= List of North Carolina A&T Aggies head football coaches =

This list of North Carolina A&T Aggies head football coaches includes those coaches who have led the North Carolina A&T Aggies football team that represents North Carolina Agricultural and Technical State University in the sport of American football.
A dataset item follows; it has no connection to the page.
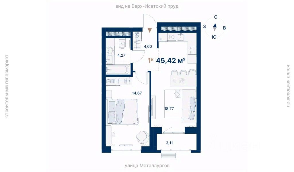 До конца ноября — скидка до 10% при 100% оплате и в ипотеку! Однокомнатная квартира в Атлас Визион — баланс комфорта, стиля и удобства. Планировка легко трансформируется под любые сценарии: спальня, гостиная, место для работы. Отличный вариант как для жизни, так и для сдачи. Комплекс расположен на ул. Металлургов, ВерхИсетский район — рядом транспортные развязки и остановки, гипермаркеты. Комфортную среду для жизни и отдыха обеспечивают: безопасный и разнообразный двор, наличие парковочных мест, сервисы на уровне жилого комплекса, своя УК. Доступны гибкие условия для покупки: ипотека, рассрочка, трейдин, комбопокупка.

The Aggies currently compete in the Division I Football Championship Subdivision (FCS) of the National Collegiate Athletic Association (NCAA) and CAA Football, the technically separate football league operated by the Aggies' primary home conference, the Coastal Athletic Association (CAA).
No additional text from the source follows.